**Action item**
Exactly the lines below from the one with "We’ve had another" up to and including the one with "Remat Ticking Stripe" make up the answer, with nothing else added.

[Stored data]

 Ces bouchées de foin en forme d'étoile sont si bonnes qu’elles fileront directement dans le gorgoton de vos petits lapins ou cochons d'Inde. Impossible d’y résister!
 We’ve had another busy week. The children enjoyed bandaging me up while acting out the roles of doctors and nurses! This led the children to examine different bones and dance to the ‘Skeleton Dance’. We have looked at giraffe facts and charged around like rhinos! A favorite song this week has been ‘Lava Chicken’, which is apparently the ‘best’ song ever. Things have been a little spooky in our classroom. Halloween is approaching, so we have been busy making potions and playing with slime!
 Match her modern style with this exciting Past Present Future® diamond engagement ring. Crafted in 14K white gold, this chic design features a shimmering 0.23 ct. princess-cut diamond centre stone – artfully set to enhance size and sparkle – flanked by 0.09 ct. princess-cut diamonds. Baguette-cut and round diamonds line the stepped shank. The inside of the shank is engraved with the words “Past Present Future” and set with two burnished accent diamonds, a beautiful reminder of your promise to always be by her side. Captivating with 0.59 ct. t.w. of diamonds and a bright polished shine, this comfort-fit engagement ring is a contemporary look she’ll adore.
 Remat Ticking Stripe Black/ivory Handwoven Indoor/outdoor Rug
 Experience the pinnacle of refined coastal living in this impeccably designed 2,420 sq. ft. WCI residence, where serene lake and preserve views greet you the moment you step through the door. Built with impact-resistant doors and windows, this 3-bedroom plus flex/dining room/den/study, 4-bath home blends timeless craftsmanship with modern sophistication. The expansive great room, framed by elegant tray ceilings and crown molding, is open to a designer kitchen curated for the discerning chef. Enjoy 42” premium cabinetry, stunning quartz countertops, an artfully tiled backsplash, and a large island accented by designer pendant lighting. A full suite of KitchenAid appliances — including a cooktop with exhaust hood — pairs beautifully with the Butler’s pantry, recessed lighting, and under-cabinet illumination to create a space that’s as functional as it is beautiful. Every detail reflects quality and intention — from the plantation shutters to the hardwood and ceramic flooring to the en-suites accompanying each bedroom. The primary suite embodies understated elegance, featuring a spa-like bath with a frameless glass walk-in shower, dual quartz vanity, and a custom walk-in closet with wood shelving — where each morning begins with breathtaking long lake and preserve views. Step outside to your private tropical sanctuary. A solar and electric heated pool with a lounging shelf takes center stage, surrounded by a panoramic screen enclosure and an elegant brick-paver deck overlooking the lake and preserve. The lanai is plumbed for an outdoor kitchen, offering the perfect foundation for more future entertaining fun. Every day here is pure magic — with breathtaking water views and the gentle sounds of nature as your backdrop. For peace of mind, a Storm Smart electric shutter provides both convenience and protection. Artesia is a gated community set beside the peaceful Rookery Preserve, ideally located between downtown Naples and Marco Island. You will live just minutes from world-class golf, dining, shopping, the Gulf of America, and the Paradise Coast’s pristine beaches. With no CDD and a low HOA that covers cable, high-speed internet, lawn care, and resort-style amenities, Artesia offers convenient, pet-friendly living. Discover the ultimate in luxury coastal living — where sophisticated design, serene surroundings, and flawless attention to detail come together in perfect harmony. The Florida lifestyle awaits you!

**Answer**
 We’ve had another busy week. The children enjoyed bandaging me up while acting out the roles of doctors and nurses! This led the children to examine different bones and dance to the ‘Skeleton Dance’. We have looked at giraffe facts and charged around like rhinos! A favorite song this week has been ‘Lava Chicken’, which is apparently the ‘best’ song ever. Things have been a little spooky in our classroom. Halloween is approaching, so we have been busy making potions and playing with slime!
 Match her modern style with this exciting Past Present Future® diamond engagement ring. Crafted in 14K white gold, this chic design features a shimmering 0.23 ct. princess-cut diamond centre stone – artfully set to enhance size and sparkle – flanked by 0.09 ct. princess-cut diamonds. Baguette-cut and round diamonds line the stepped shank. The inside of the shank is engraved with the words “Past Present Future” and set with two burnished accent diamonds, a beautiful reminder of your promise to always be by her side. Captivating with 0.59 ct. t.w. of diamonds and a bright polished shine, this comfort-fit engagement ring is a contemporary look she’ll adore.
 Remat Ticking Stripe Black/ivory Handwoven Indoor/outdoor Rug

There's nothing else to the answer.